_Instructions for the task_
Look in the data below for the line that has "Rack Vivare com", then print exactly every line from there through the line that has "Happy-Bärsday-Wunscherfüller Traubenzucker Beipackzettel", leaving pictures out.

_Dataset records_
╭──

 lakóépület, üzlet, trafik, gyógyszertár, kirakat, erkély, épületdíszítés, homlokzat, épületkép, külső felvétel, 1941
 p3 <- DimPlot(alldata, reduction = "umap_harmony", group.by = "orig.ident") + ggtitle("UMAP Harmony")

╰──
╭──

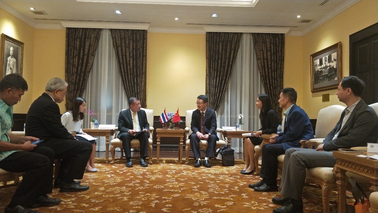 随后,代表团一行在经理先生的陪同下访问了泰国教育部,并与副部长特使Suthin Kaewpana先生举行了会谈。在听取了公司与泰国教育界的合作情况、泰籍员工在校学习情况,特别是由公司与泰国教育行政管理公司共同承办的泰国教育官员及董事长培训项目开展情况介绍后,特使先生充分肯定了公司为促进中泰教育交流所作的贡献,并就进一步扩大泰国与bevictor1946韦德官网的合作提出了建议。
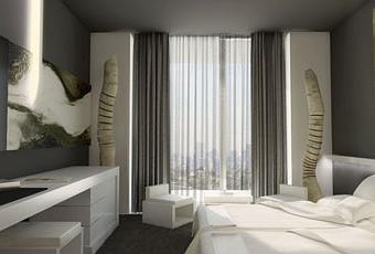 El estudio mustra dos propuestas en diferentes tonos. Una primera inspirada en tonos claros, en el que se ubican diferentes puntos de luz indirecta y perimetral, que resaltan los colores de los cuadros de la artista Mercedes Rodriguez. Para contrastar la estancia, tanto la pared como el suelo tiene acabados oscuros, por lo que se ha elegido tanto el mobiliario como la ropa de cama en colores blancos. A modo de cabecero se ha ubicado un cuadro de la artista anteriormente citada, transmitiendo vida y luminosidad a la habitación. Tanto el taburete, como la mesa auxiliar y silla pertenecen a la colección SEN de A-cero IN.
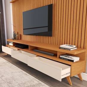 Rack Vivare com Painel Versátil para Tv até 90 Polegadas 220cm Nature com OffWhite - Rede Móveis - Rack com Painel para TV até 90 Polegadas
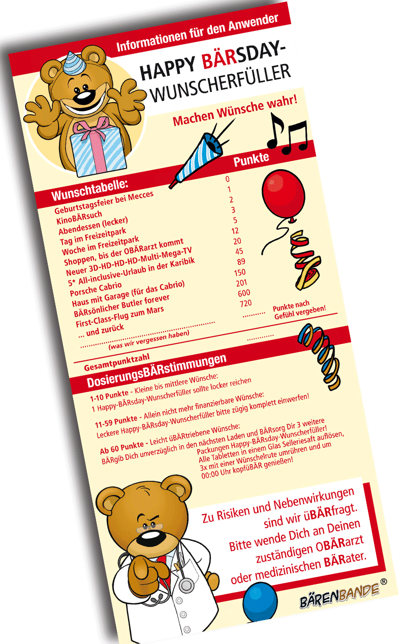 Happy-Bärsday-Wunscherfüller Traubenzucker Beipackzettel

╰──

_Exercise response_
 Rack Vivare com Painel Versátil para Tv até 90 Polegadas 220cm Nature com OffWhite - Rede Móveis - Rack com Painel para TV até 90 Polegadas
 Happy-Bärsday-Wunscherfüller Traubenzucker Beipackzettel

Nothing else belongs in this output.